Last night she showed me the daily emails she is currently getting from . . . well, I don't want to disparage the inner-workings of an online giant like this one, but let's just say, a dating site. And let's just also say that it's not a specialty site that focuses on a specific ethnic group or anything. It's a monster huge gigantic site for everyone looking for a date.
Only here's the kicker: Clark didn't join the site. Somebody else did and accidentally entered Clark's email address instead of their own. And her (we think) daily reports from the matchmaking site are coming to Clark as to who might be perfectly suited for her dating hopes and dreams. Which might be really fabulous if not for the fact that said matches are for the individual who put in the wrong email, who, as it happens, we can speculate, has little in common with Clark.

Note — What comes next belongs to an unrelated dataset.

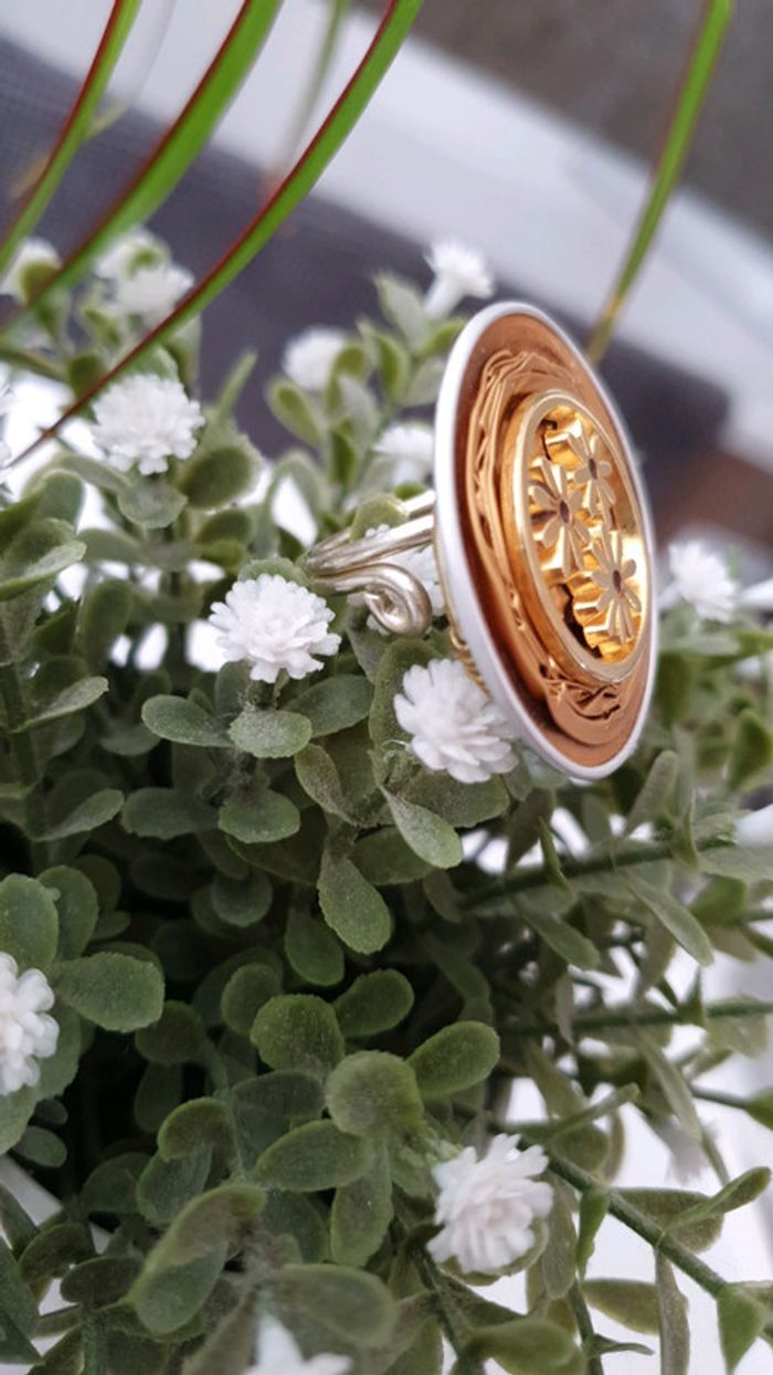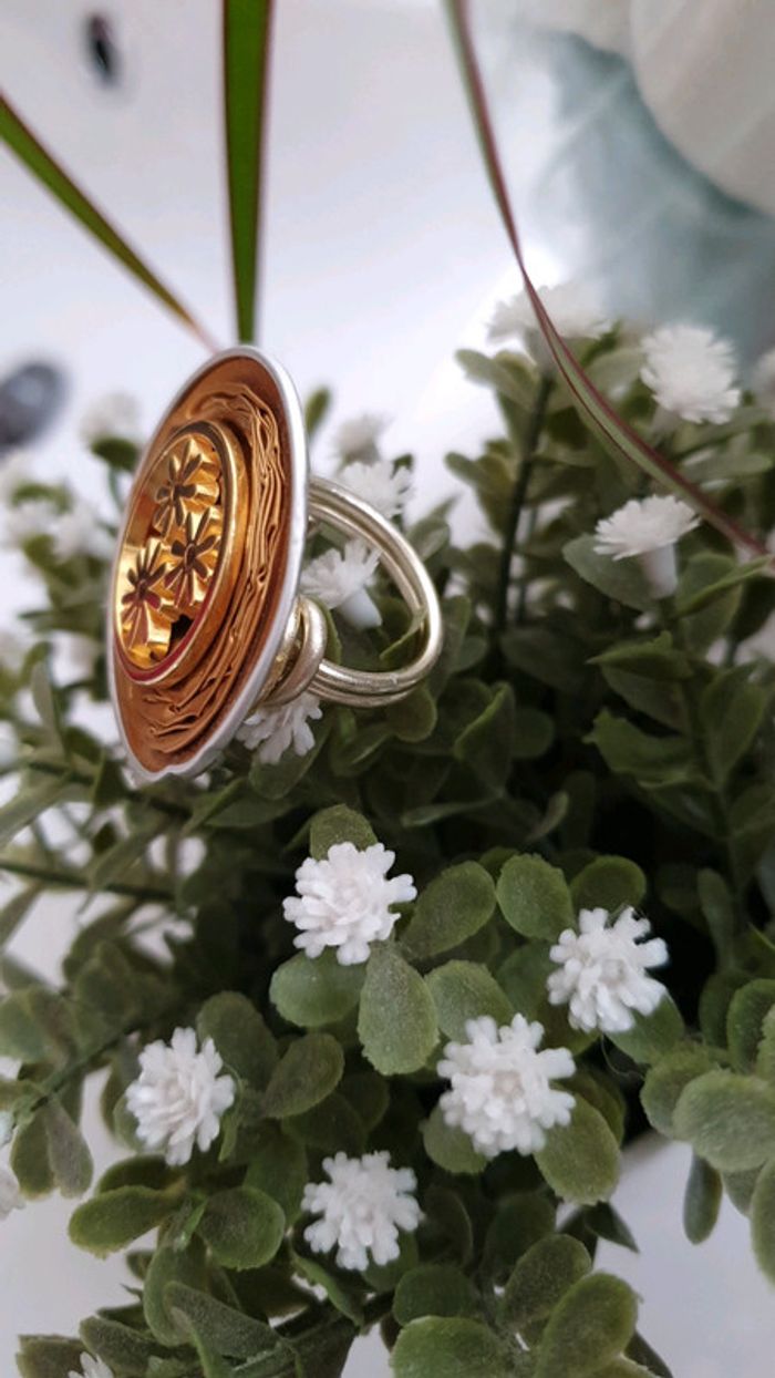 Jolie bague créateur dorée Réalisée à base de capsule de café Neuve et taille ajustable

Clark Kent is my daughter, who graduated from an eastern college of note five years ago this month. And although the graduation itself does not preclude her from being of a certain age, the odds are good that she is yet in her twenties. And I will vouch for that being the case. It's already hard enough for me to admit that I have a daughter who graduated from an eastern college of note five years ago this month, in that that makes me at least reasonably older than minimally 27 years by 20 some further years, given that I got married and had her after college my own self . . . but to suggest that the perfect "match" for her according to her daily emails, might be a gentleman in his seventies or eighties, is an insult to my slim grasp on middle age cause if she's that age, I'm 100 and change. Which I'm not.
But the disturbing bit goes like this: her emails show little photos of gentlemen who belong to this site who are longing to find the perfect mate. And a quick click on any of said photos will take you to a fairly detailed profile of said individual--location, age, career (or career from which he has retired), preferences about all sorts of very private and personal things. It's beyond creepy. Especially the shirtless ones. But I digress.
What has happened here is that some dozens of elderly gentlemen in the midwestern portion of the US have unwittingly sent their fondest hopes, dreams, and best-foot-forward portraits, to a hip young techno geek who resides in New York City. And she can't stop it, even though she might want to, because the mistaken email password on the dating site is unknown to her.
What are we supposed to do about this privacy issue, huh?